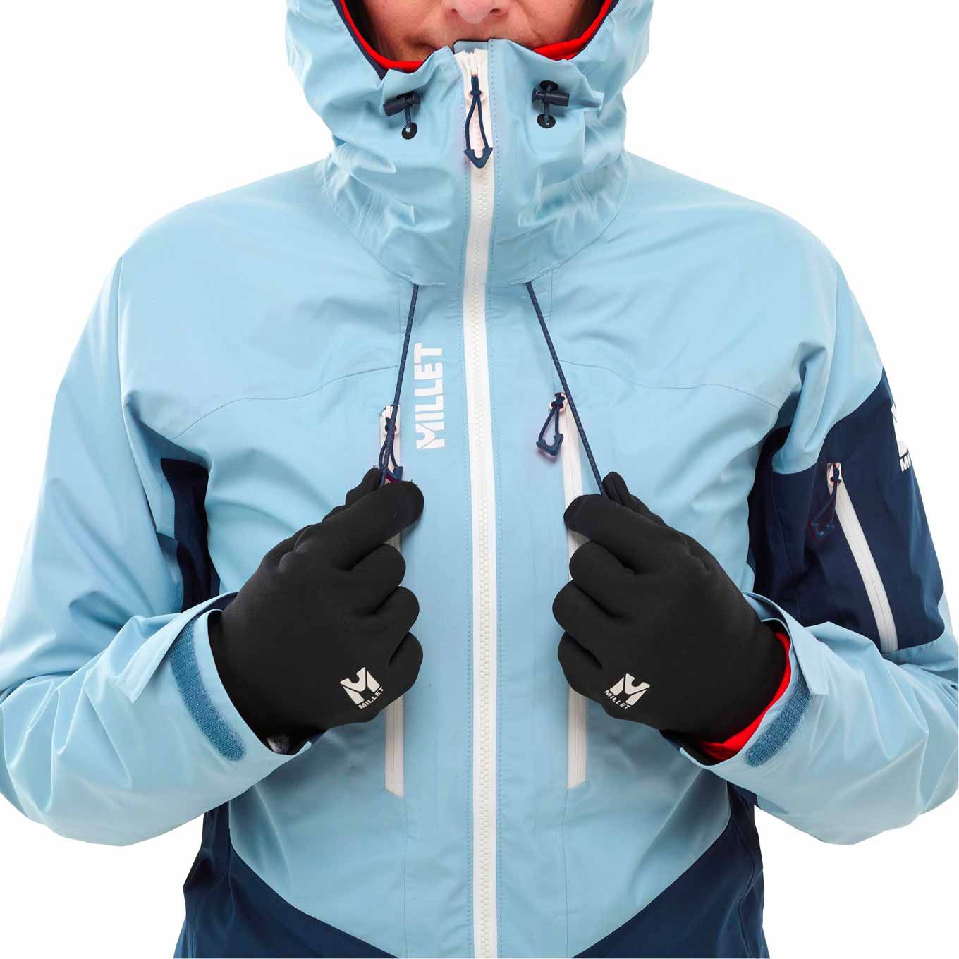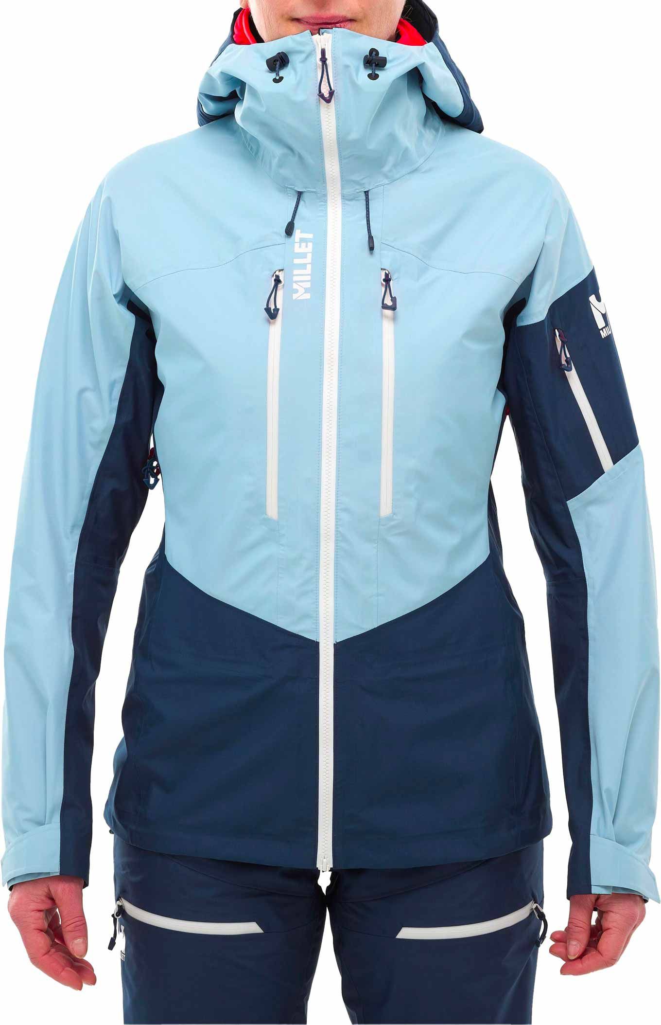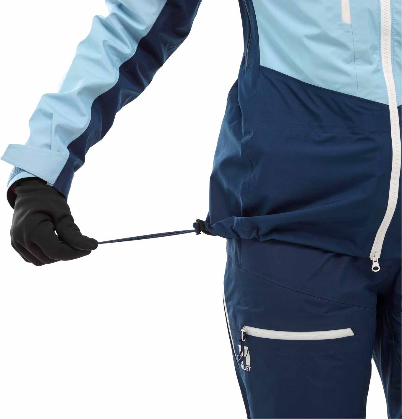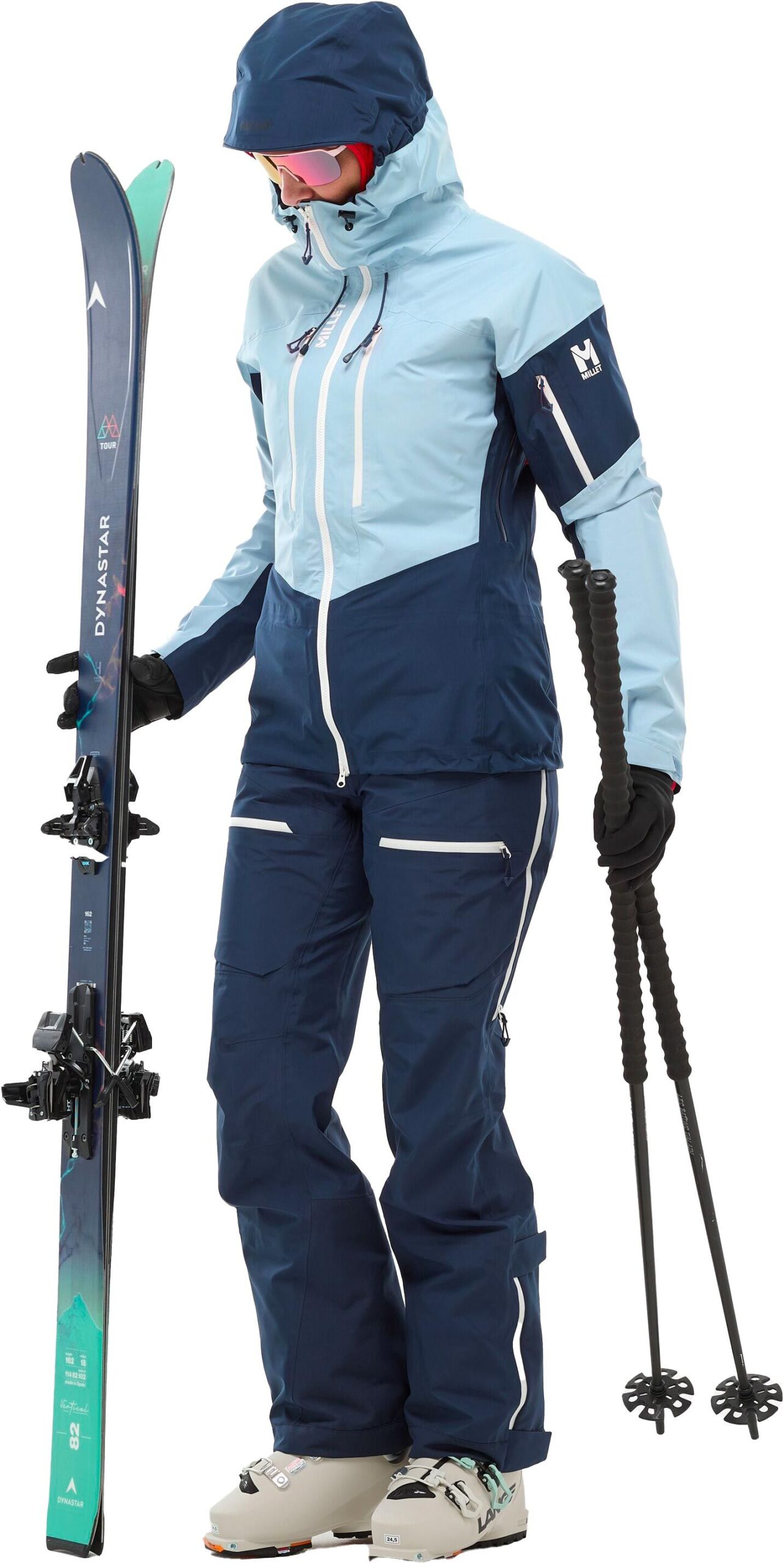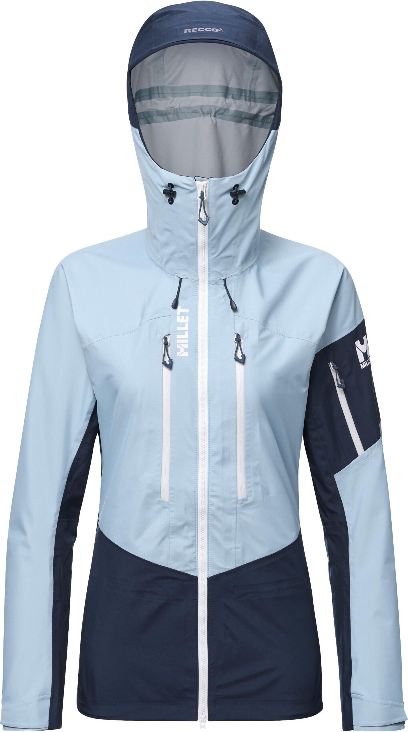 Veste Millet M White 3L Jkt pour femme, en tissu stretch DRYEDGE™ HIGH BREATH imperméable et ultra-respirante, conçue pour le ski de randonnée : capuche réglée, coutures thermosoudées, poches forfait et système RECCO®.
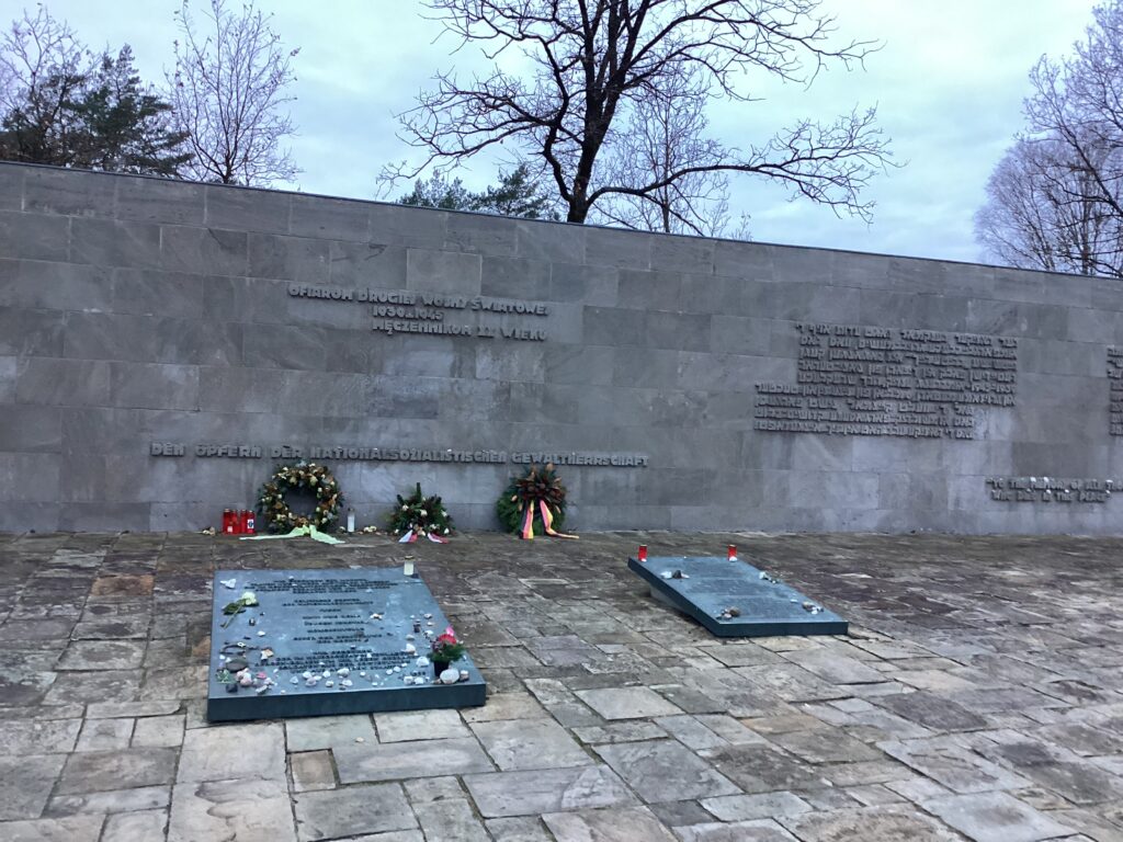 Auf unserem Weg sind wir an weiteren Zeichen des Gedenkens vorbeigekommen, an einem großen Holzkreuz zum Gedenken an die ermordeten polnischen Menschen, an einem Obelisken und an einer Inschriftenwand gegen das Vergessen. Im Haus der Stille, einem begehbaren Mahnmal, kann man der Opfer des Nationalsozialismus gedenken und kleine Botschaften und Kerzen hinterlassen. Zum Schluss hatten wir noch etwas Zeit, uns im Dokumentationszentrum der Gedenkstätte weiter zu informieren. Dort war u. a. eine zerstörte und wiederaufgebaute Frauenstatue zu sehen, die an die sowjetischen Opfer der NS-Zeit erinnern soll.
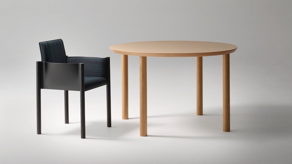 新しく発表されたテーブルのひとつは、ガムフラテージがデザインした飛驒産業製のMiauテーブルです。昨年同シリーズのMiauアームチェアを発表し、デンマークの伝統とデザインを再解釈したものとして高く評価されました。
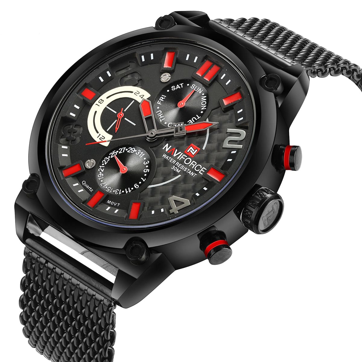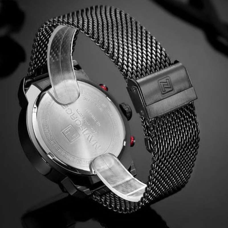 ساعت اورجینال NAVIFORCE فول تایم دارای نشانگر 24 ساعته و روزهای هفته و ماه است شیشه تقویت شده ضد خش می باشد دارای دفترچه راهنما و کارت گارانتی و هارد باکس مخصوص ساعت با حک برند NAVIFORCE
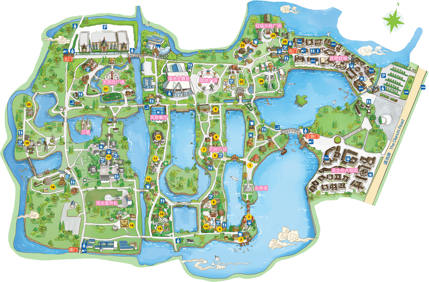 佤族人口約36萬(wàn),主要聚居在云南省瀾滄江南段以西的阿佤山區(qū)。佤族寨位于“翠漪洲”東南角。寨內(nèi)分布有茅草頂?shù)母蓹谑浇ㄖ骸⑴n^廣場(chǎng)、神靈廣場(chǎng)、司崗里石雕以及糧倉(cāng)等。牛頭廣場(chǎng)是佤族古老的剽牛活動(dòng)場(chǎng)所,場(chǎng)正中的牛角為佤族的寨樁,廣場(chǎng)前的兩個(gè)石人分別為佤族的男性和女性祖先。神靈廣場(chǎng)表現(xiàn)了佤族萬(wàn)物有靈、靈魂不死的自然崇拜觀念。場(chǎng)中兩個(gè)石人雕像分別為佤族最崇拜的“木依吉”和“阿依娥”。佤族木鼓舞節(jié)拍鮮明強(qiáng)烈,...

┄┄┄┄┄┄┄┄┄┄┄┄┄┄┄┄┄┄┄┄

Repeat the material exactly and drop each image.

RESULT:
 Veste Millet M White 3L Jkt pour femme, en tissu stretch DRYEDGE™ HIGH BREATH imperméable et ultra-respirante, conçue pour le ski de randonnée : capuche réglée, coutures thermosoudées, poches forfait et système RECCO®.
 Auf unserem Weg sind wir an weiteren Zeichen des Gedenkens vorbeigekommen, an einem großen Holzkreuz zum Gedenken an die ermordeten polnischen Menschen, an einem Obelisken und an einer Inschriftenwand gegen das Vergessen. Im Haus der Stille, einem begehbaren Mahnmal, kann man der Opfer des Nationalsozialismus gedenken und kleine Botschaften und Kerzen hinterlassen. Zum Schluss hatten wir noch etwas Zeit, uns im Dokumentationszentrum der Gedenkstätte weiter zu informieren. Dort war u. a. eine zerstörte und wiederaufgebaute Frauenstatue zu sehen, die an die sowjetischen Opfer der NS-Zeit erinnern soll.
 新しく発表されたテーブルのひとつは、ガムフラテージがデザインした飛驒産業製のMiauテーブルです。昨年同シリーズのMiauアームチェアを発表し、デンマークの伝統とデザインを再解釈したものとして高く評価されました。
 ساعت اورجینال NAVIFORCE فول تایم دارای نشانگر 24 ساعته و روزهای هفته و ماه است شیشه تقویت شده ضد خش می باشد دارای دفترچه راهنما و کارت گارانتی و هارد باکس مخصوص ساعت با حک برند NAVIFORCE
 佤族人口約36萬(wàn),主要聚居在云南省瀾滄江南段以西的阿佤山區(qū)。佤族寨位于“翠漪洲”東南角。寨內(nèi)分布有茅草頂?shù)母蓹谑浇ㄖ骸⑴n^廣場(chǎng)、神靈廣場(chǎng)、司崗里石雕以及糧倉(cāng)等。牛頭廣場(chǎng)是佤族古老的剽牛活動(dòng)場(chǎng)所,場(chǎng)正中的牛角為佤族的寨樁,廣場(chǎng)前的兩個(gè)石人分別為佤族的男性和女性祖先。神靈廣場(chǎng)表現(xiàn)了佤族萬(wàn)物有靈、靈魂不死的自然崇拜觀念。場(chǎng)中兩個(gè)石人雕像分別為佤族最崇拜的“木依吉”和“阿依娥”。佤族木鼓舞節(jié)拍鮮明強(qiáng)烈,...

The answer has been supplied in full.